Журналист подошел к Феликсу, протянул ладонь для рукопожатия.
– Доктор Росси… Чем я могу загладить вину? То есть мне очень неловко, что…
Феликс смерил его холодным взглядом.
– Вас сюда никто не звал.
– Брось, Фликс,– начала Франческа.
Он ее не слушал.
– Уходите, или я велю спустить вас с лестницы.
– Прошу прощения, но у вас ничего не выйдет. Я – член этого клуба, хотя и бываю здесь нечасто. Нудновато, да и со строгостями, на мой взгляд, перебор.– Он оглянулся.– В замках старушки Англии и то повеселее, хотя они старше лет на триста.
Феликс, однако, еще не был готов его простить.
– Что вам надо?
На мгновение Ньютон стушевался.
– Хотел спросить, нельзя ли через вас связаться с Сэмом Даффи. Я должен извиниться и перед ним.
– Почитай некрологи в своих газетенках,– тихо ответила Франческа.
И они вышли, оставив окаменевшего Джерома Ньютона.
В вестибюль повалили репортеры, которых препровождали наверх, дабы те не наделали снимков знаменитостей без их позволения. Приглашения рассылались лично, только привилегированным представителям прессы с условием соблюдения секретности до окончания встречи. Как Ньютон пронюхал о ней, оставалось только гадать.
Росси и Аделина поднялись в лифте на девятый этаж, в так называемые Соборные залы, и вошли в специально зарезервированное помещение. Журналисты уже собрались – наполняли тарелки у двух длинных столов, ломящихся от омаров, икры, канапе и бутылок с вином, которым так славились клубные погреба. Комнату украшали искусно составленные букеты. По полу тянулись телевизионные кабели.
Мир созрел для новостей.
Официант предложил Феликсу шампанского. Тот отхлебнул немного, усадил Аделину с сестрой и поднялся на возвышение.
Журналистская элита заняла свои места и почтительно притихла. «Это тебе не папарацци»,– подумал Феликс.
– Добрый вечер,– произнес он, жмурясь в свете софитов.– Большинство из вас меня знают. Я – доктор Феликс Росси, микробиолог и врач, а также организатор третьей исследовательской группы по изучению Туринской плащаницы.
– Громче, пожалуйста.
– Да-да, конечно.
В горле у него пересохло, ладони вспотели. Некогда уважаемый человек, почти праведник, этим выступлением он как минимум рушил собственную карьеру. В финансовом плане он, может, и не пострадает, однако ни Церковь, ни коллеги отныне не станут ему доверять. Впрочем, его это не волновало.

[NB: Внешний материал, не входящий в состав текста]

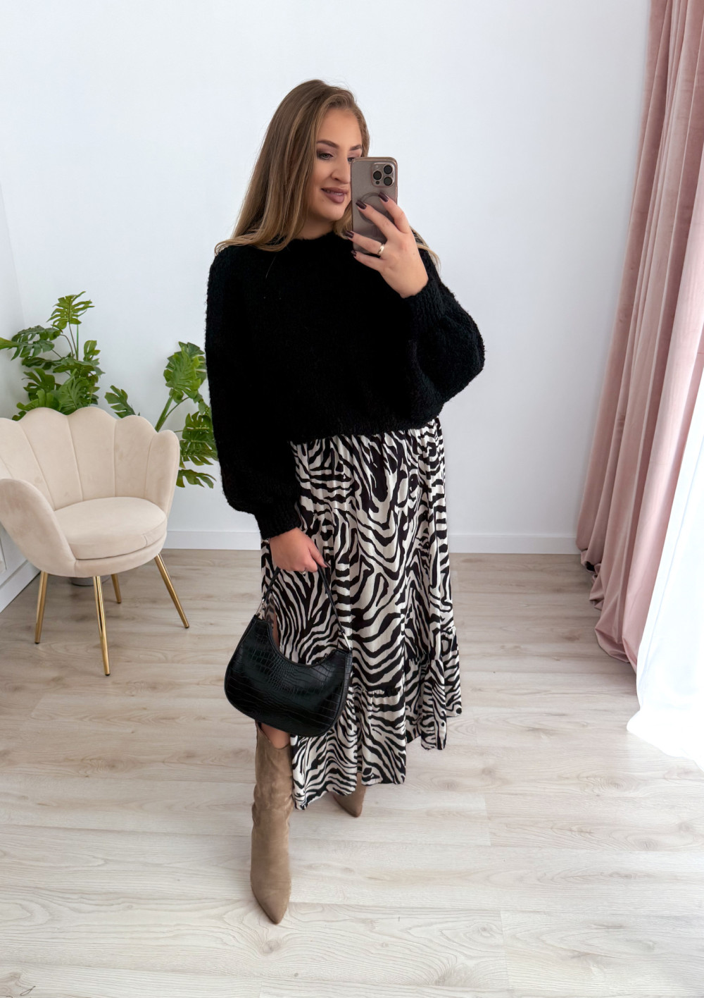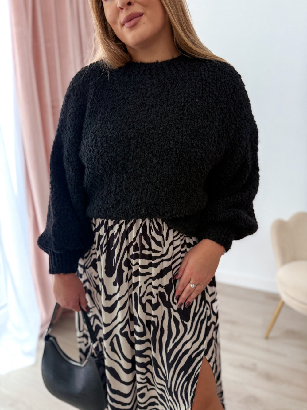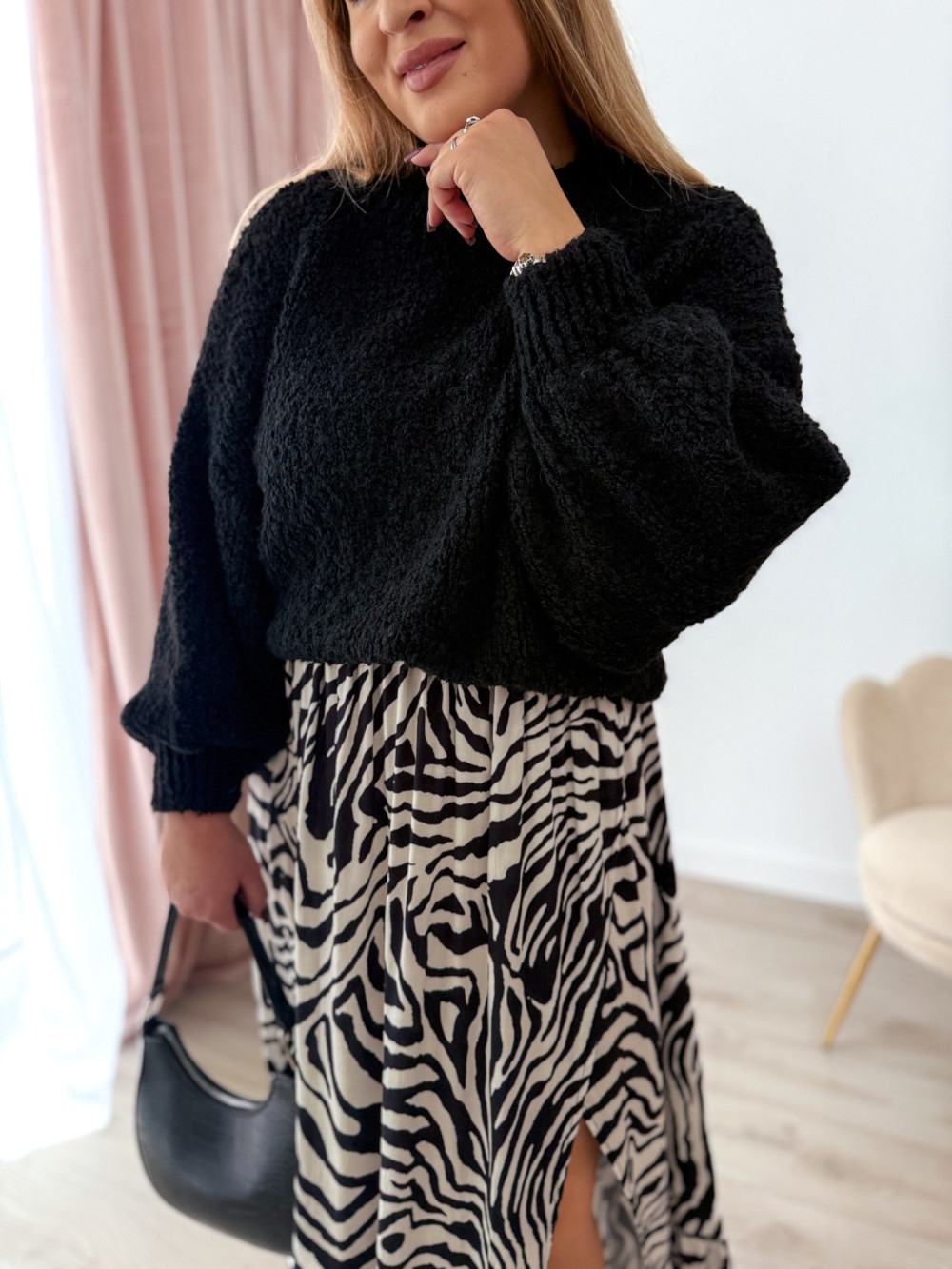 • miękka, mięsista dzianina typu bukla – ciepła i przyjemna w dotyku

– До вас доходили слухи, что я выкрал нити из Туринской плащаницы…
По комнате прошел ропот.
Феликс взглянул в телекамеры.
– Так вот, это правда.
Гробовая тишина.
– Да, в январе прошлого года я выкрал две нити из Туринской плащаницы. Приношу извинения католической церкви за то, что предал ее доверие. Я приму всякое высказанное ей порицание.– Феликс сглотнул, пытаясь избавиться от кома в горле.– На этих нитях я обнаружил крупный кластер нейтрофилов – белых кровяных телец, присутствующих на месте свежих ран. – Он снова умолк, давая мысли о ранах Христовых проникнуть в людские умы.– Из них я получил ДНК человека мужского пола.